Леонид Соловьев - Иван Никулин — русский матрос
— Может быть, отдохнешь сначала? — предложил Никулин. — Утром разберемся.
— Некогда мне до утра ждать, — сказал Фомичев и вздохнул с бульканьем и клокотанием в груди. — Здесь у них зенитная батарея, а здесь вторая. Вот видишь — я пометил…
Он рассказывал подробно и ничего не забыл. Книжку свою он отдал командиру. Ее картонная обложка вся пропотела и липла к рукам.
— Теперь, командир, давай мне шесть бойцов.
— Зачем тебе? — Никулин посмотрел на Фомичева с беспокойством: уж не бредит ли?
Фомичев удивился, в свою очередь:
— Как зачем? Что же я — один пойду? А тащить кто будет? — Никулин сообразил, что речь идет о Тихоне Спиридоновиче.
— Значит, жив? А я думал — убили.
— Жив. Там остался, в кустах. Силы не хватило тащить его.
— Да-а-а, — протянул Никулин и крепко потер затылок, скрипя волосами. — Ты что же консервы не ешь? Может, подогреть?
— Не идут. Дюже устал… — Глаза Фомичева слипались, и он глядел на фонарик с усилием. — Ты, командир, дай мне бойцов, которые поздоровее. Далеко, шесть километров, а то и все восемь.
— Да-а-а, — повторил Никулин и положил ладонь на лоб Фомичева. — Жар у тебя… пышет лицо.
— Пышет, сам чую, — согласился Фомичев. — И во рту тоже сохнет. Плохо вот — носилок нет у нас.
— Куда ты пойдешь? — сказал Никулин. — Ты с ног валишься.
— Это верно, — опять согласился Фомичев. — Слабость одолела. Как добрел — сам удивляюсь.
Кривясь от боли, он придвинул к себе какой-то мешок, прилег на локоть и расправил ноги, зашуршав сапогами по стенкам шалаша. Сейчас же веки его, отяжелев, опустились, через минуту он спал.
Но это уснуло только его тело, разум же и воля продолжали бодрствовать, оберегая его морскую воинскую честь. Он вскоре встрепенулся и, подняв голову, сказал:
— В сон клонит… Однако время не ждет.
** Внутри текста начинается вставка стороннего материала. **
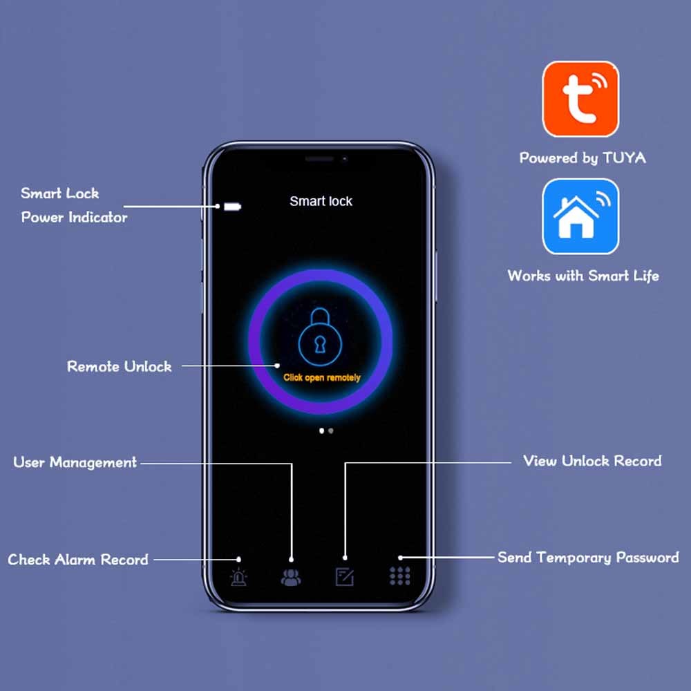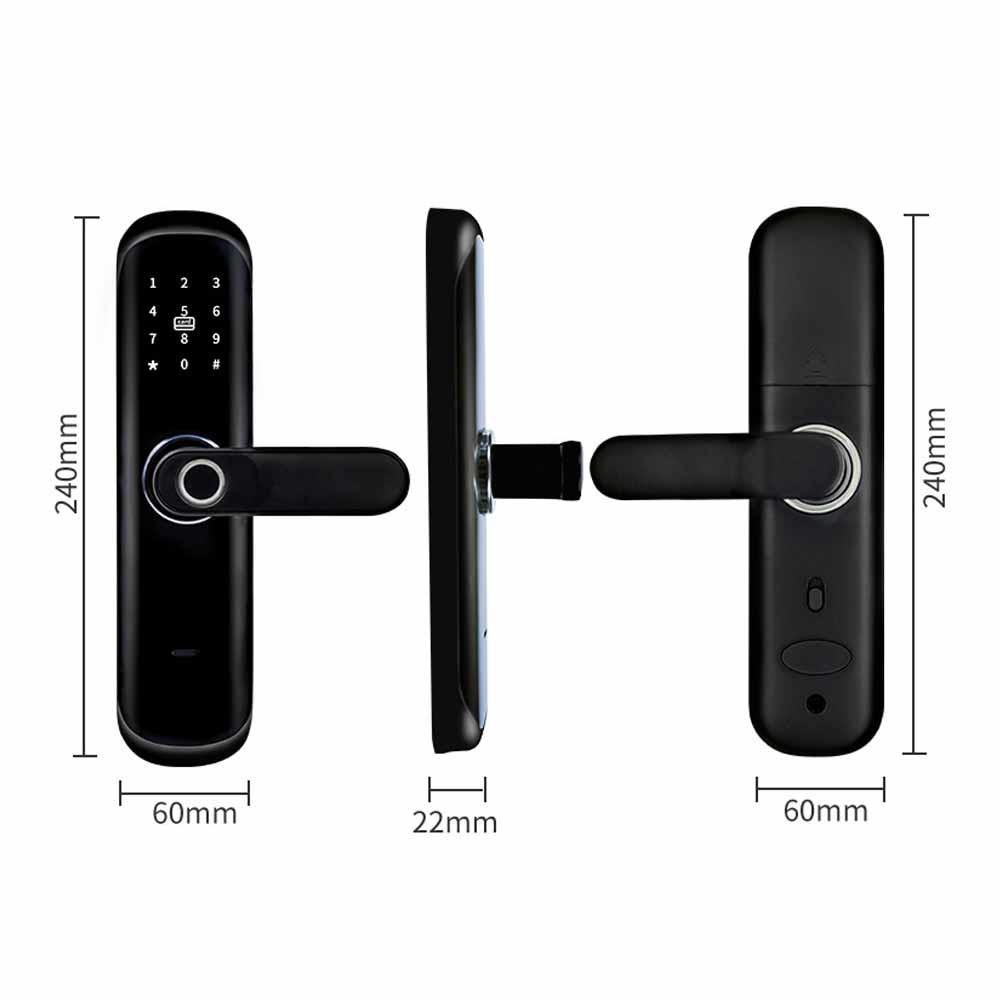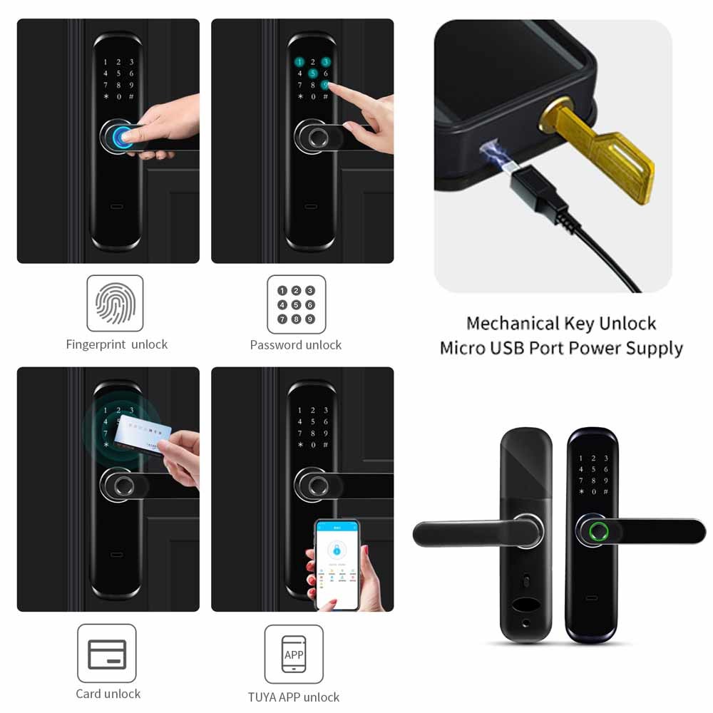 Tiene un conveniente maneja el sistema y 6 maneras de desbloquear: La huella dactilar desbloquea, BLE APP desbloquean, WiFi remoto desbloquea, contraseña PIN Unlock, la tarjeta desbloquea y las llaves mecánicas Unock.It cubrirán toda su necesidad sobre la cerradura elegante. Con la gestión avanzada del APP, vía WiFi o BLE conectar la cerradura elegante con su smartphone, y usted puede manejar su cerradura de puerta elegante dondequiera y en cualquier momento.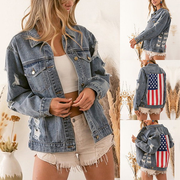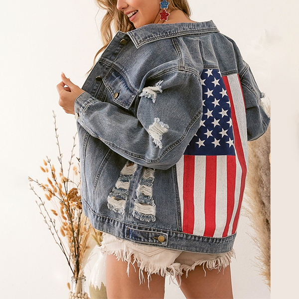 Fashion Old-wash Distressed American Flag Printed Denim Jacket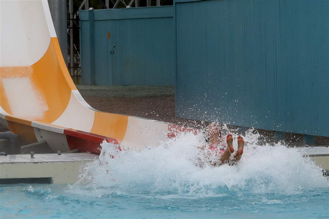 WTOL's Allie Hausfeld crashes into the landing pool as she rides the new attraction Portside Plunge at the newly renamed Cedar Point Shores Waterpark in Sandusky.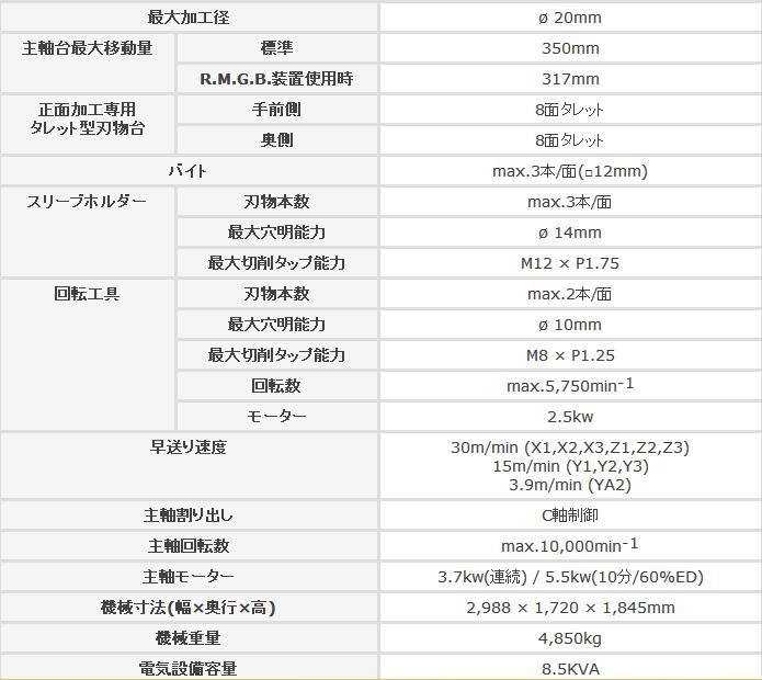 回転数 max.5,750min-1 早送り速度 30m/min (X1,X2,X3,Z1,Z2,Z3) 15m/min (Y1,Y2,Y3)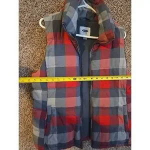 The Old Navy Puffer Vest is a stylish and practical addition to any woman's winter wardrobe. This red plaid quilted vest features a full zip closure, making it easy to layer over any outfit. The polyester blend outer shell and insulated lining provide warmth and comfort, while the sleeveless design and regular fit offer a flattering silhouette. The vest also includes pockets and a soft shell construction, making it perfect for casual occasions in the colder months. Machine washable and easy to care for, this vest combines style and functionality seamlessly.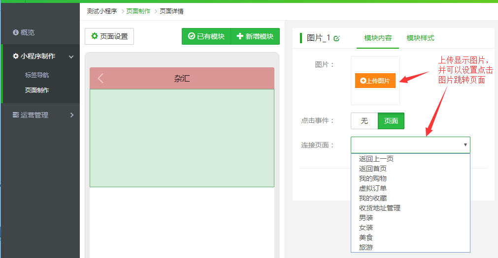 2.新增模塊之后,點擊模塊,在右側(cè)的模塊內(nèi)容上傳顯示圖片, 并可以設(shè)置跳轉(zhuǎn)頁面,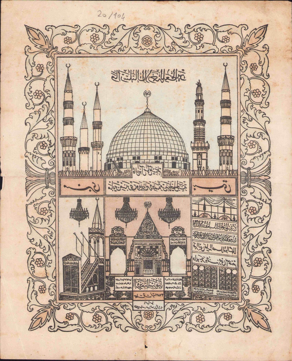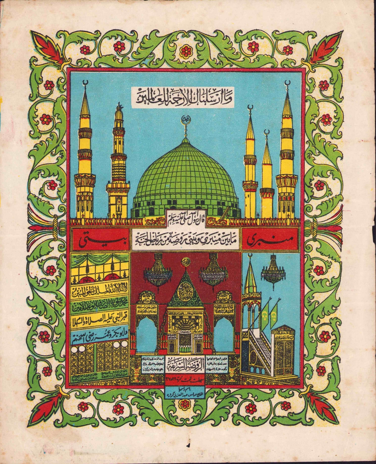 Ravza-i Mutahhara görselli ve Hadis-i Şerif yazılı afiş, 25,5x31 cm.
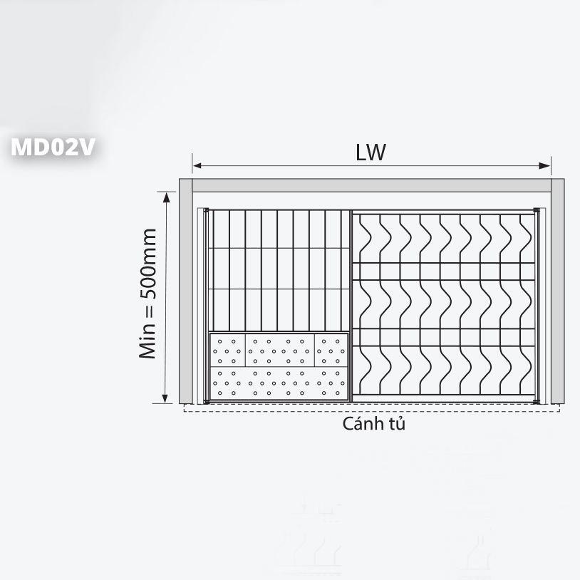 Nhờ cấu tạo chắc chắn và khả năng chịu lực tốt, giá bát đĩa thìa đũa vách hộp MD02V phù hợp lắp đặt trong các tủ bếp kích thước từ 600mm – 900mm. Khay hứng nước thông minh giúp tủ luôn khô thoáng, sạch sẽ. Đây là dòng sản phẩm phụ kiện tủ bếp được nhiều gia đình lựa chọn để nâng cấp và hoàn thiện không gian bếp hiện đại.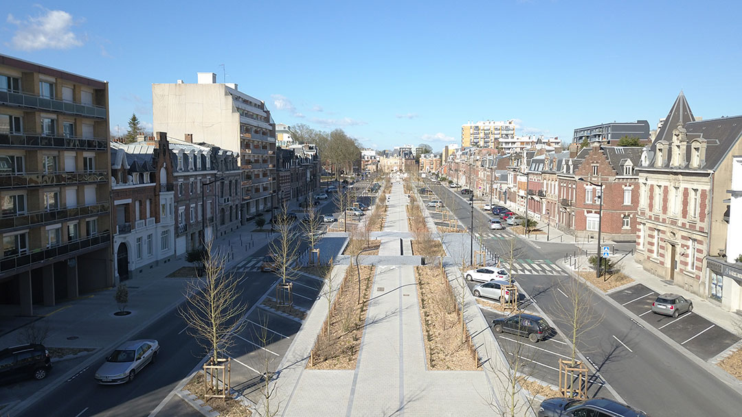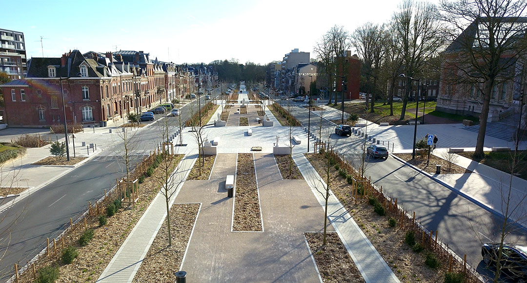 Le Boulevard Watteau est un important axe de circulation dans la ville, l’objectif est de fluidifier tous les modes de circulation. Les parties extérieures sont consacrées aux voitures, les trottoirs sont élargis et des pistes cyclables sont créées. La voie centrale est exclusivement réservée à la promenade. Le boulevard étant connu pour ses nombreux arbres, une attention particulière est portée sur la dimension paysagère où la nature a une place privilégiée.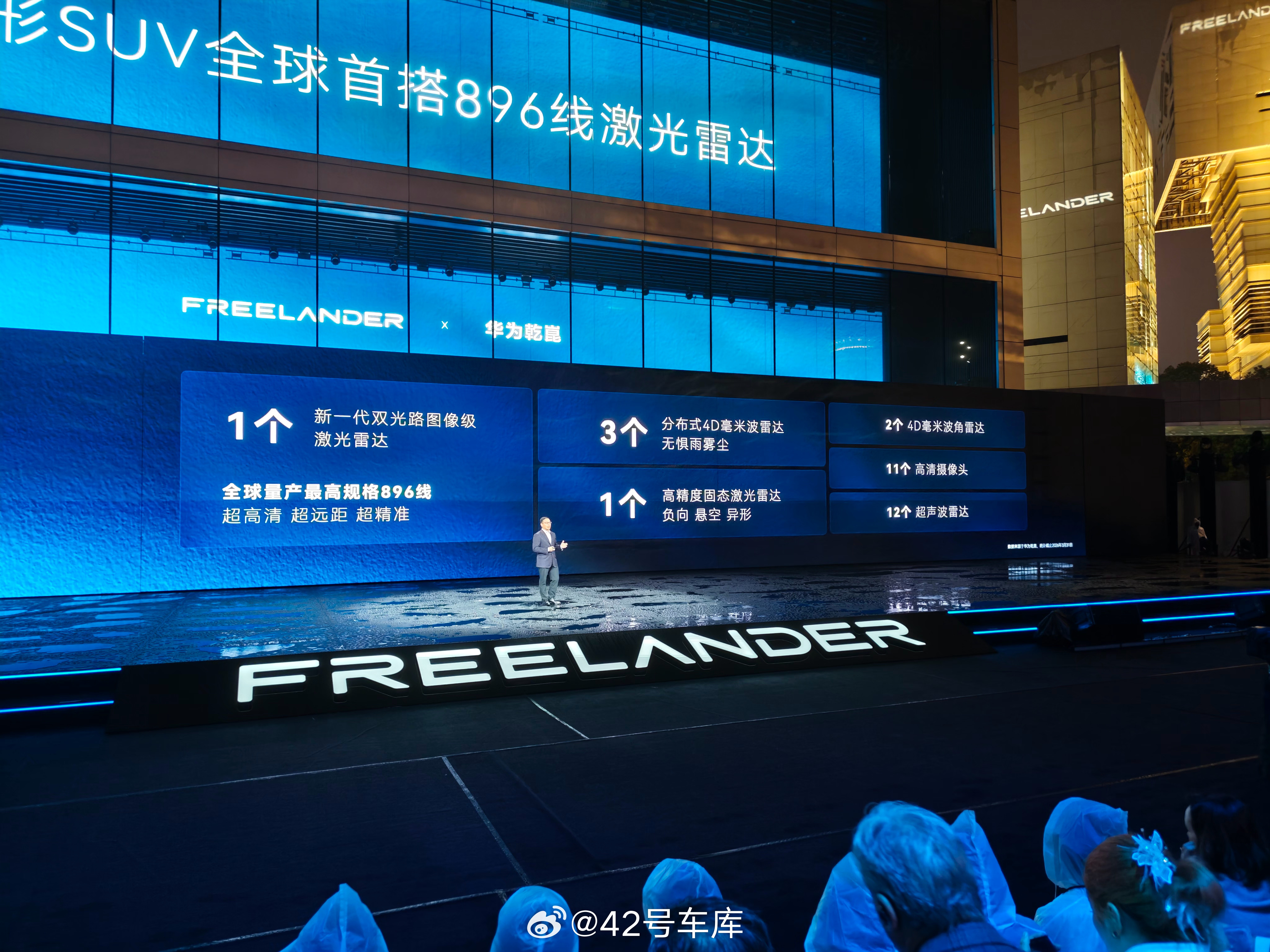 FREELANDER 发布会华为车 BU CEO 靳玉志介绍了首款车型的硬件:一颗 896 线激光雷达、一套三分布的 4D 毫米波雷达、两颗后侧向 4D 毫米波雷达、一个后向高精度固态激光雷达、11 个摄像头、12 个超声波雷达。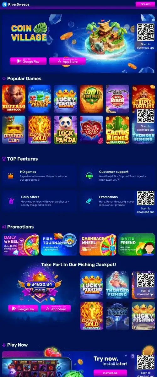 NetGame Entertainment provides many of the slots, with additional proprietary RiverSweeps titles. We did not see the big multi studio rosters common at the largest sweeps casinos.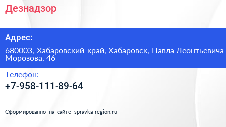 Дезнадзор по адресу 680003, Хабаровский край, Хабаровск, Павла Леонтьевича Морозова, 46 в дальнейшем Организация, размещена в следующих категориях: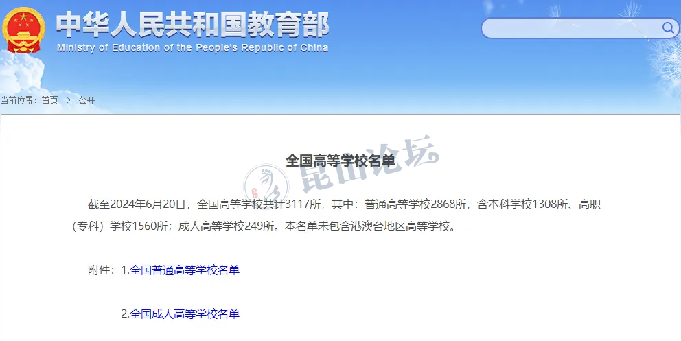 据教育部最新消息:截至2024年6月20日,全国高等学校共计3117所,其中:普通高等学校2868所,含本科学校1308所、高职(专科)学校1560所;成人高等学校249所。本名单未包含港澳台地区高等学校。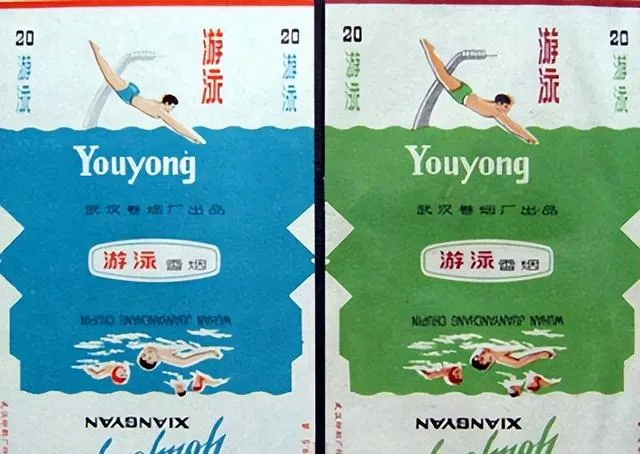 游泳烟的图案太经典了。一个跳水动作,底下是水波,颜色一蓝一绿,特别醒目。现在回头看,这设计居然还有点洋气。关键是它让人一下想到以前夏天的生活:河边、水库、澡堂子、竹床、蒲扇。老东西就是这样,看着是烟盒,勾出来的却是一整段季节记忆。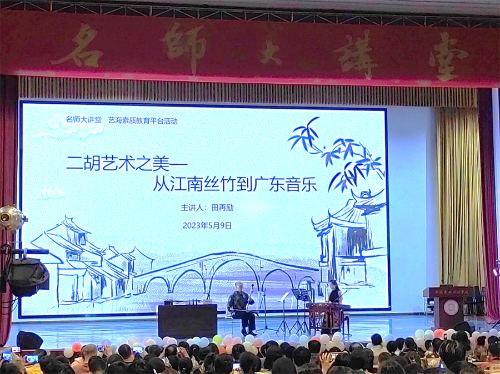 随着一曲耳熟能详的《步步高》响起,田教授现场展示了广东音乐的主奏乐器——高胡的艺术魅力。紧接着,江南丝竹八大代表作之一——《行街》细腻婉转的音响又飘进每位在场观众耳中。田教授结合现场演奏,详细讲解了广东音乐和江南丝竹的演奏形式、代表人物与代表作品。讲座妙趣横生、气氛热烈,受到了师生们的高度欢迎,加深了师生对江南丝竹、广东音乐等中国传统民族器乐音乐的认识,点燃了师生对二胡、高胡艺术的浓厚兴趣。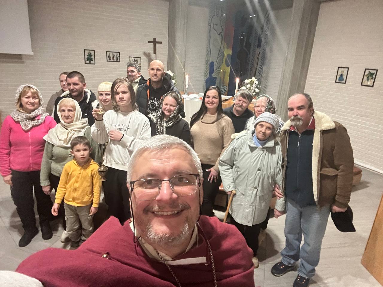 Det samla seg 19 personar til gudstenesta – noko som vart ei gledeleg og rørande overrasking for oss. Gudstenesta vart feira i ei stemning prega av glede, varme og julevon. Under gudstenesta vart det sunge ukrainske julesalmar, og det vart beden for Ukraina, for landets soldatar og for alle som lir under krigens gru.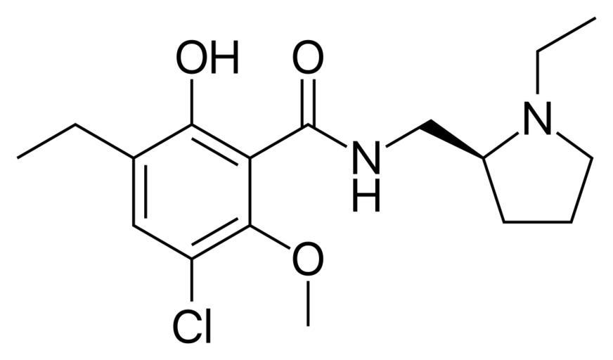 Keywords: Eticlopride.svg validSVG Skeletal formula of eticlopride Created using http //www acdlabs com/download/chemsk html ACD/ChemSketch 10 0 http //www inkscape org Inkscape and http //www vim org vim Own Fvasconcellos 2008-07-28 Benzamides Dopamine antagonists Phenol ethers Azolidines Anisoles Monochlorobenzenes Ethyl compounds N-substituted primary amides |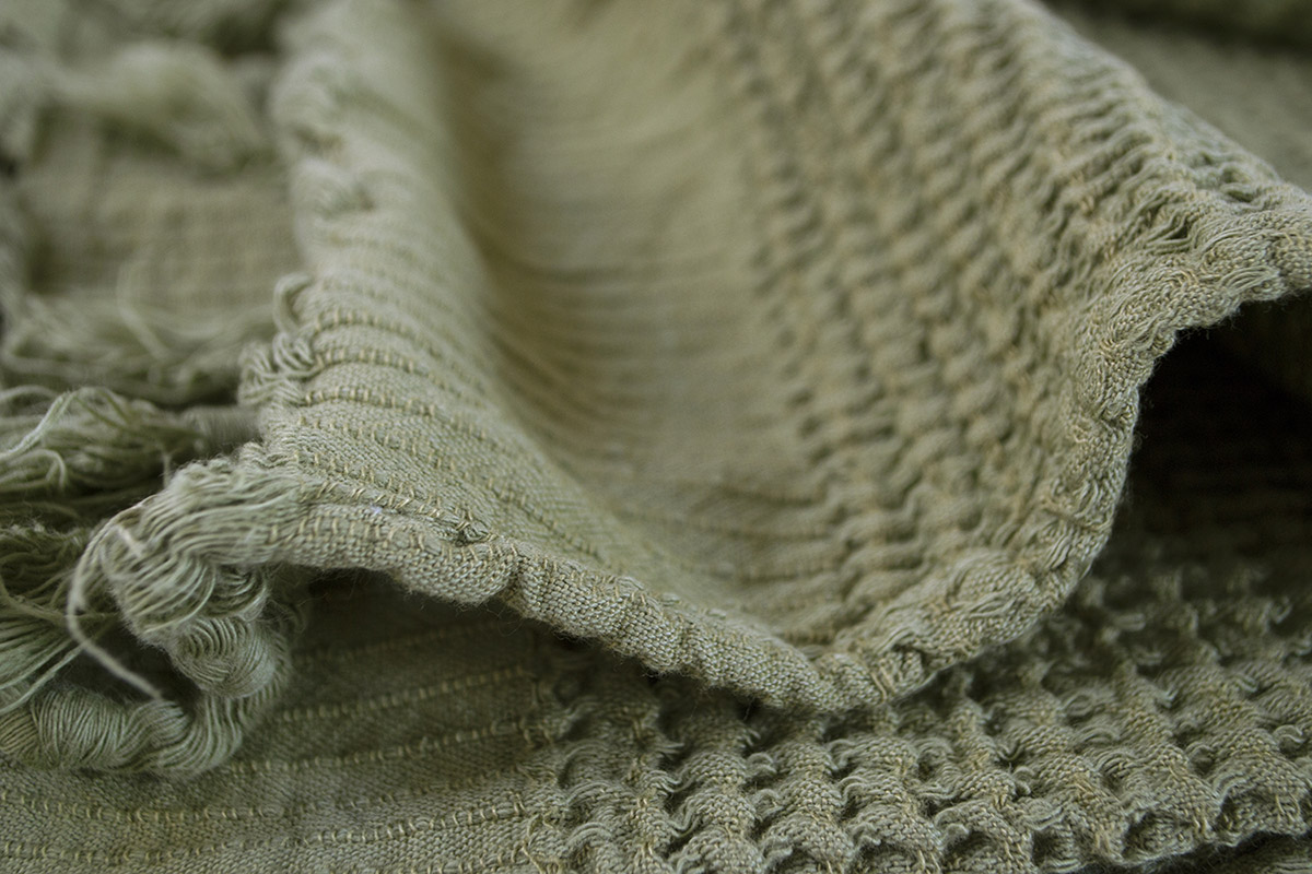 Однотонний легкий плед оливкового кольору з красивою рельєфною текстурою і бахромою. Плед чудово доповнить будь-який інтер'єр, стане стильним акцентом у кімнаті. Якісний і приємний на дотик матеріал з натуральних волокон бавовни і бамбука подарує відчуття комфорту.

Давай, командир, бойцов.
— Они, может быть, без тебя найдут? — нерешительно спросил Никулин.
— Где же найдут в степи, да ночью еще!
Никулин видел, что Фомичеву идти нельзя, невозможно идти, и Фомичев сам понимал эту невозможность, но его решение не поколебалось нисколько. Он не мог поступить иначе, ибо над ним — выше всего, что возможно и невозможно, — стоял незыблемый стародавний закон, без которого моряки, не были бы моряками. Закон этот формулировался просто и ясно: сам погибай, а товарища выручай, бросайся на помощь товарищу в мутные ледяные волны, веди шлюпку навстречу свирепому шторму, беги на пулеметы, ползи во вражеский тыл, голодай, мерзни, истекай горячей кровью, погибай, но товарища выручи во что бы то ни стало, ибо для настоящего моряка жизнь товарища всегда драгоценнее собственной жизни! И Никулин и Фомичев твердо знали этот закон.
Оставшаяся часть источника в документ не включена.